Only the lines from the beginning of the data through the line holding "The interior of" belong in the answer, printed exactly and without pictures.

_Given data_.
[Start of section]

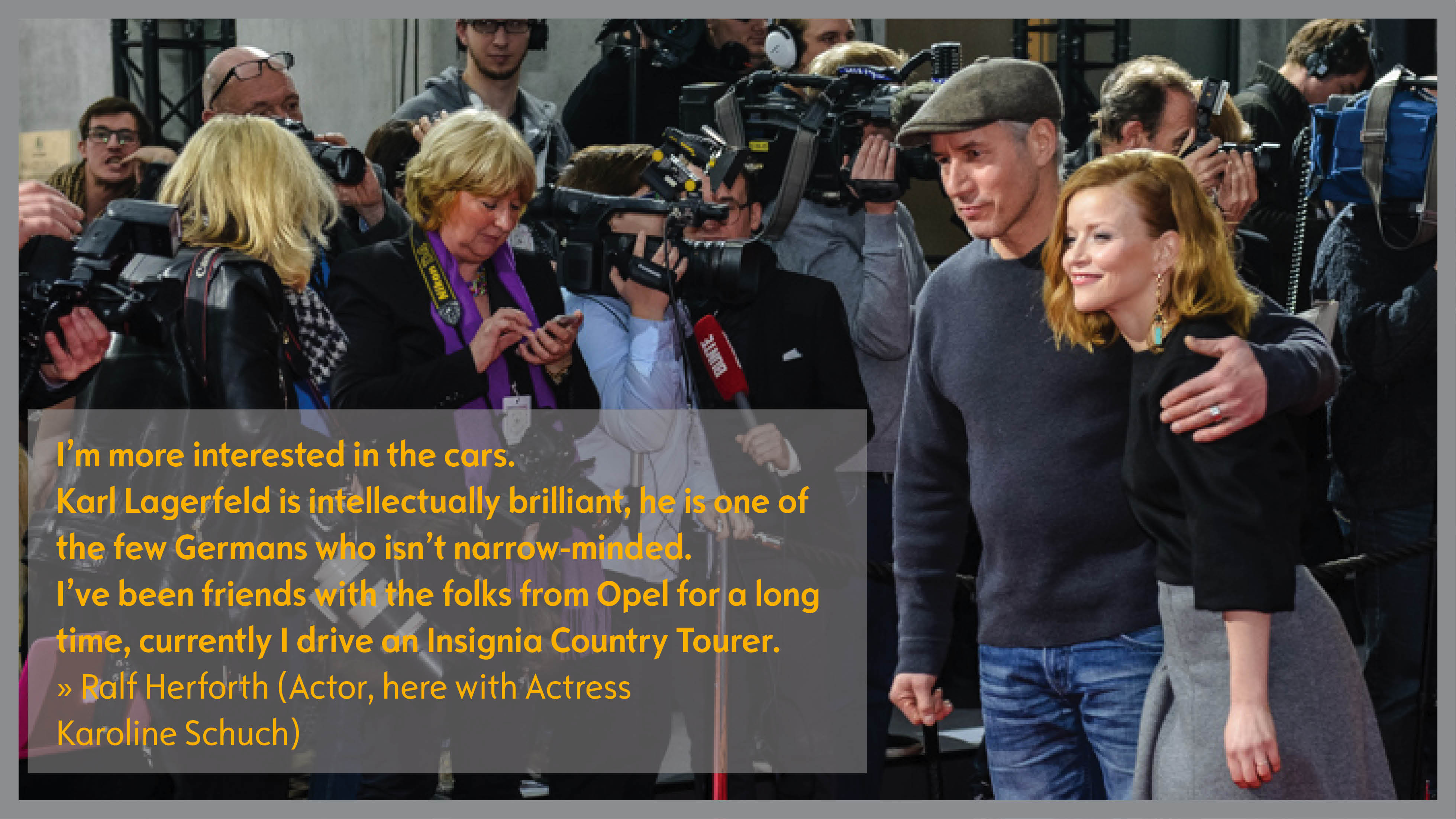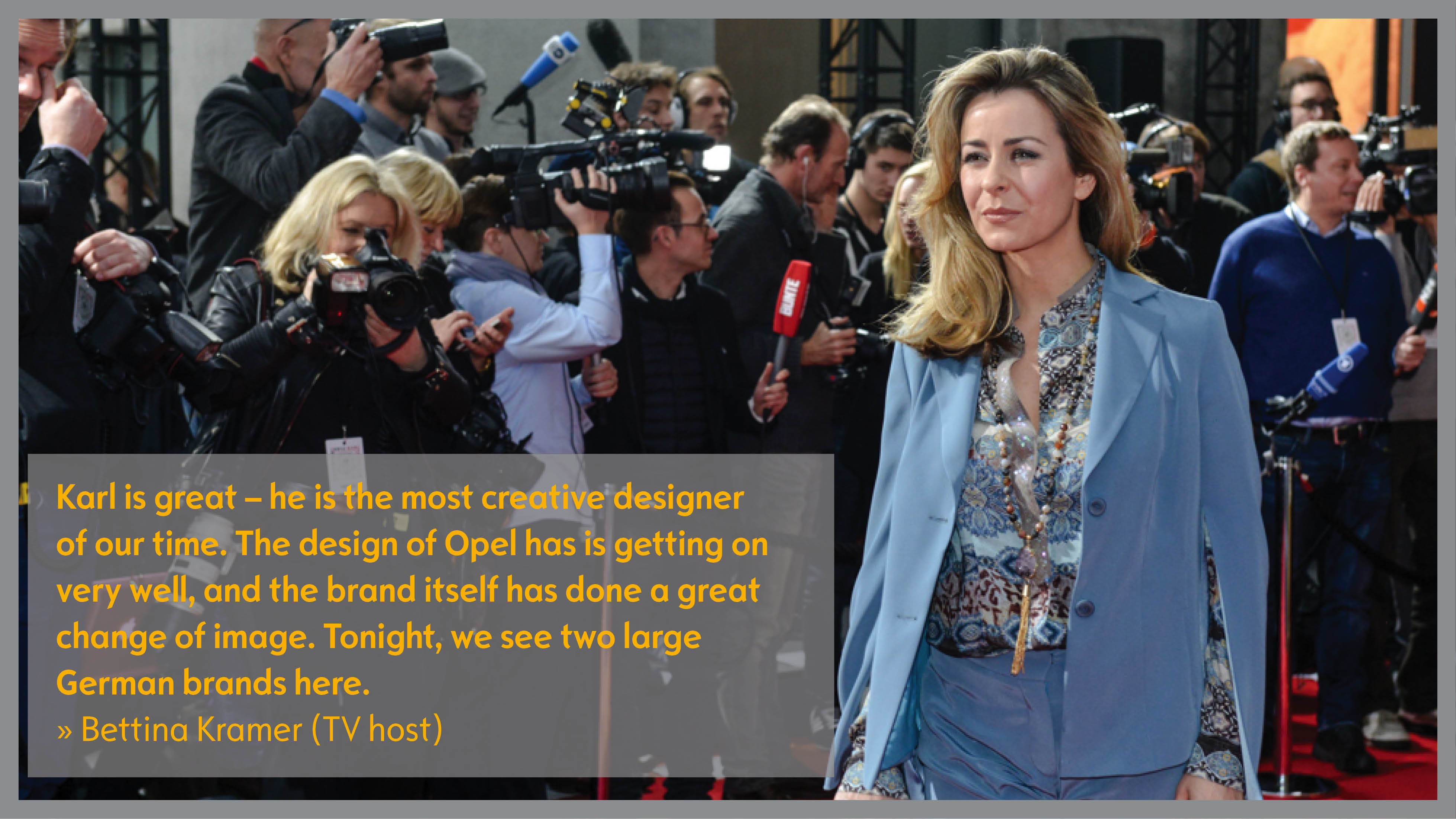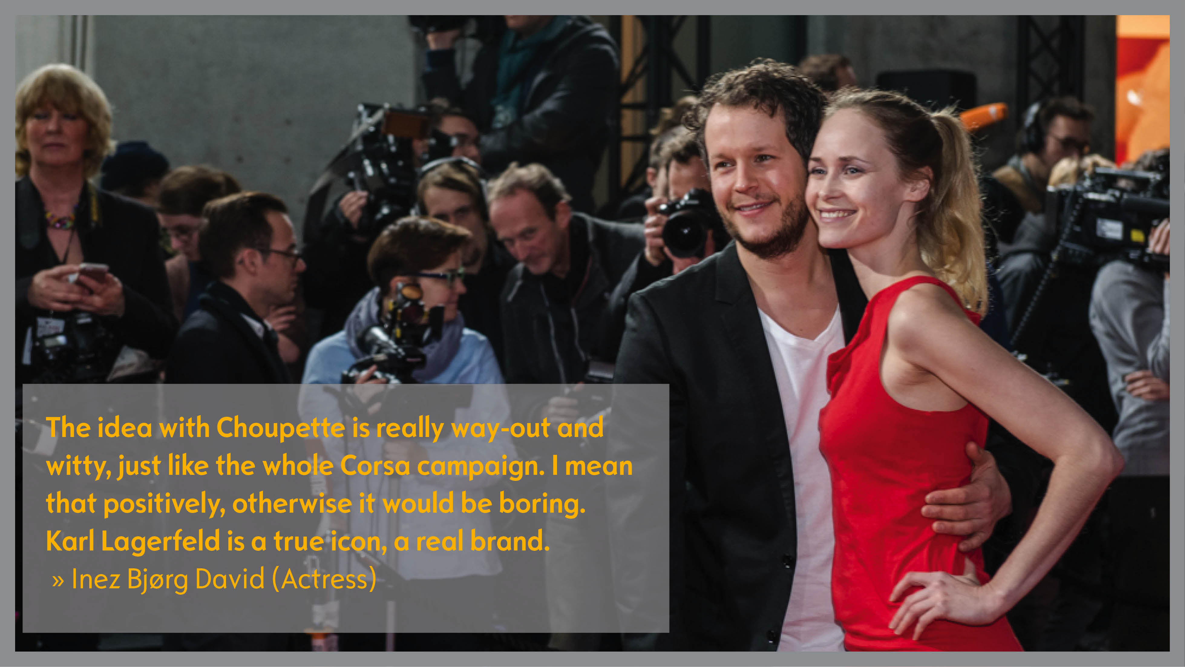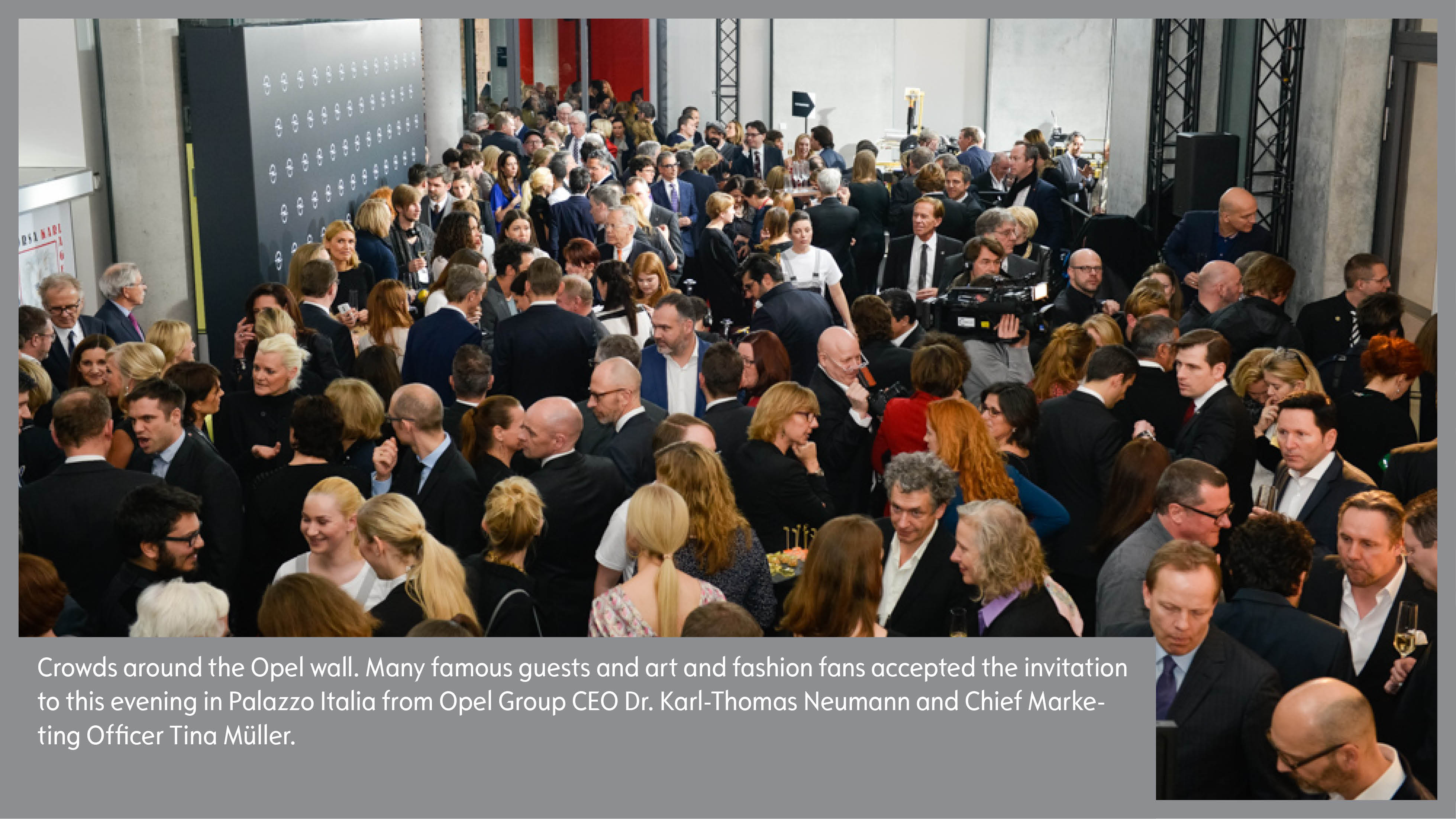 February 3, 2015. Berlin, Unter den Linden. Throngs of photographers, camera teams and reporters crowded around the entry to the Palazzo Italia. The excitement was all because of the perhaps only German superstar with international celebrity status, Karl Lagerfeld, who held a vernissage to open the Opel exhibition “Corsa Karl and Choupette”. And when the master calls, the stars respond. Accompanied by a flurry of flashbulbs, Berlin’s in-crowd walked the red carpet to admire the new Corsa and the art dedicated to it. Show business giants like actors Oliver Mommsen, Ralph Herforth, Gesine Cukrowski, Ken Duken, Jasmin Gerat, Christiane Paul, Benjamin Sadler, Fahri Yardim, Bettina Zimmermann, presenter Ruth Moschner, soccer vice world champion Christoph Metzelder, race car driver Lina van de Mars and German Federal Minister of Transport Alexander Dobrindt all came to the event.
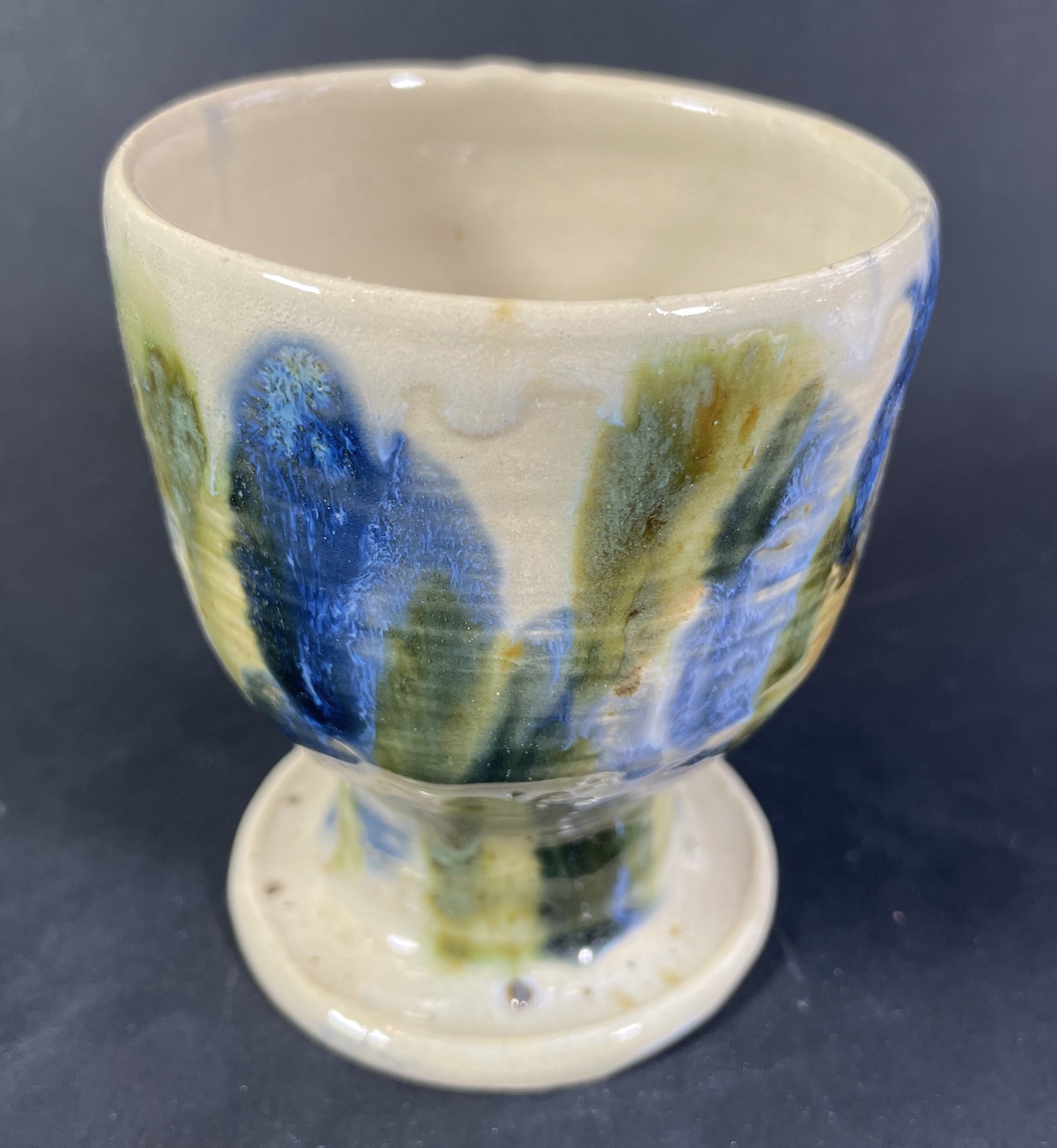 Kielich mleczny, ecru z motywami zielono-niebieskimi
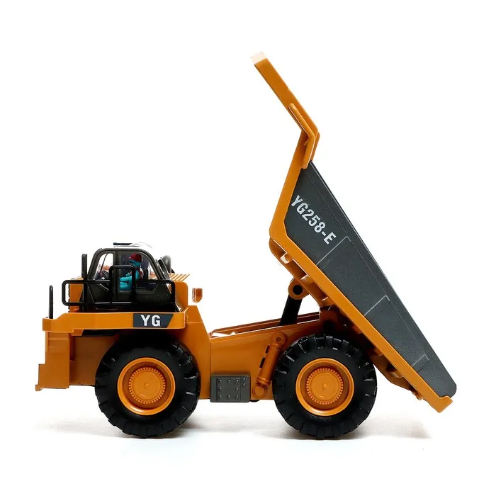 • Подвижный кузов: кузов самосвала легко поднимается и опускается, позволяя выгружать груз весом до 2,5 кг. Ваш малыш сможет перевозить песок, камни или другие предметы, создавая свои собственные строительные проекты.
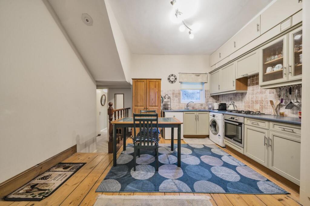 The interior of the property appears well-maintained, though showing a style that may be considered dated by some buyers. The kitchen, in particular, might benefit from modernization. The inclusion of a small private garden is a valuable asset, particularly in this part of London.
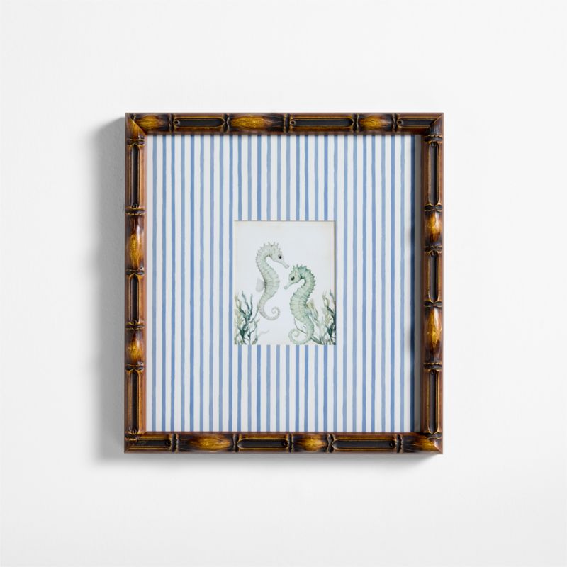 Every inch of designer Jake Arnold's sea-inspired art is designed to delight. Our Seahorse giclée print features a delicate illustration of the underwater creatures, framed by a whimsical blue-striped mat and chic bamboo-style frame. Pair it with other prints from the collection for a serene scene in a nursery or a budding marine biologist's bedroom.
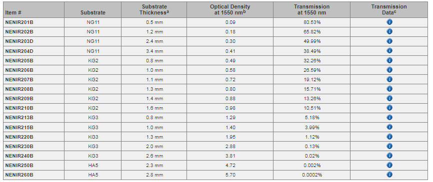 Thorlabs索雷博 NENIR201B NIR中性密度滤光片
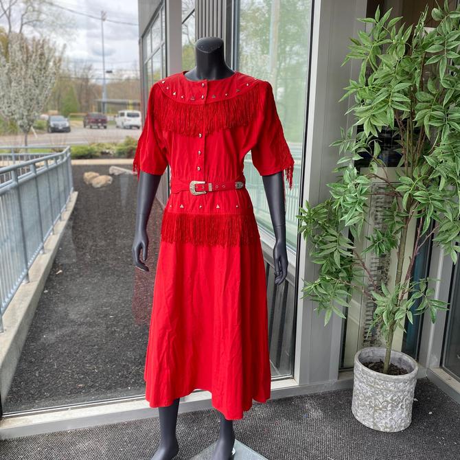 Lilia Smith Exclusive 70s Vintage Turquoise Western Fringe Dress size 12 Very well made.
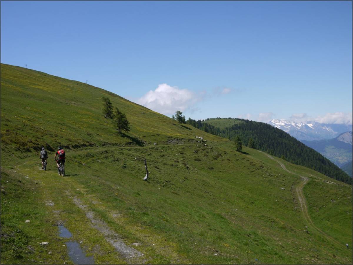 Pour maximiser le plaisir, on peut prolonger la descente jusqu'à Orsières. Il suffit de continuer le sentier évident depuis le point 1190 et ensuite de rejoindre Orsières via Montatuay. La partie entre le point 1190 et Montatuay est une véritable tuerie: c'est un goulet de 2m de large, raide, presque rectiligne...on dirait du bobsleigh, fantastique !!!
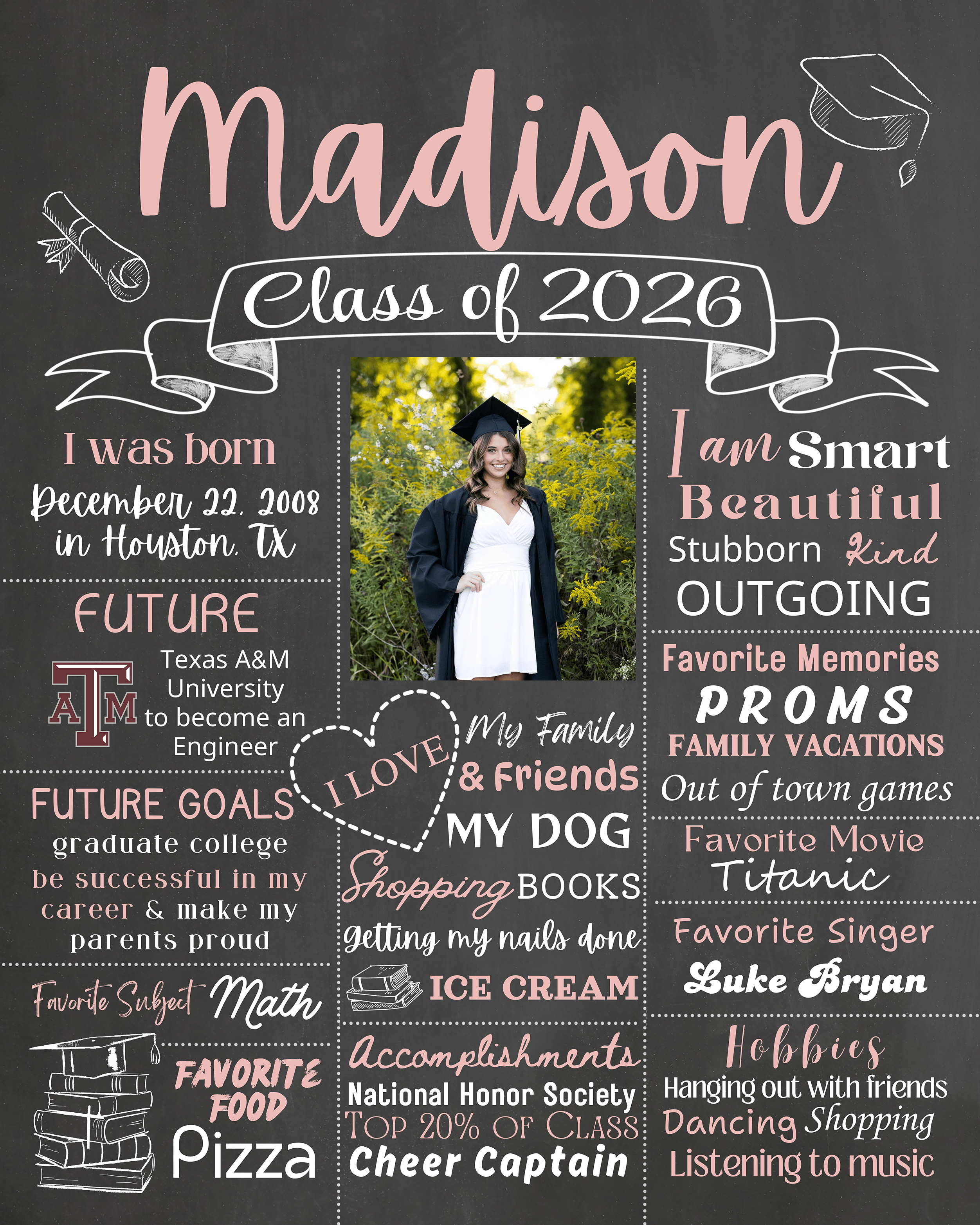 ⚠️📏This design is for the Graduation Chalkboard SIZE 16x20, 18x24 & 24x36 (can also be printed as an 8x10) and is for Class of 2026, If you need a different Size, or Year do not purchase this design. Just send me a message and I will get you a link for what you are needing.⚠️

[End of section]

_Your solution_.
 February 3, 2015. Berlin, Unter den Linden. Throngs of photographers, camera teams and reporters crowded around the entry to the Palazzo Italia. The excitement was all because of the perhaps only German superstar with international celebrity status, Karl Lagerfeld, who held a vernissage to open the Opel exhibition “Corsa Karl and Choupette”. And when the master calls, the stars respond. Accompanied by a flurry of flashbulbs, Berlin’s in-crowd walked the red carpet to admire the new Corsa and the art dedicated to it. Show business giants like actors Oliver Mommsen, Ralph Herforth, Gesine Cukrowski, Ken Duken, Jasmin Gerat, Christiane Paul, Benjamin Sadler, Fahri Yardim, Bettina Zimmermann, presenter Ruth Moschner, soccer vice world champion Christoph Metzelder, race car driver Lina van de Mars and German Federal Minister of Transport Alexander Dobrindt all came to the event.
 Kielich mleczny, ecru z motywami zielono-niebieskimi
 • Подвижный кузов: кузов самосвала легко поднимается и опускается, позволяя выгружать груз весом до 2,5 кг. Ваш малыш сможет перевозить песок, камни или другие предметы, создавая свои собственные строительные проекты.
 The interior of the property appears well-maintained, though showing a style that may be considered dated by some buyers. The kitchen, in particular, might benefit from modernization. The inclusion of a small private garden is a valuable asset, particularly in this part of London.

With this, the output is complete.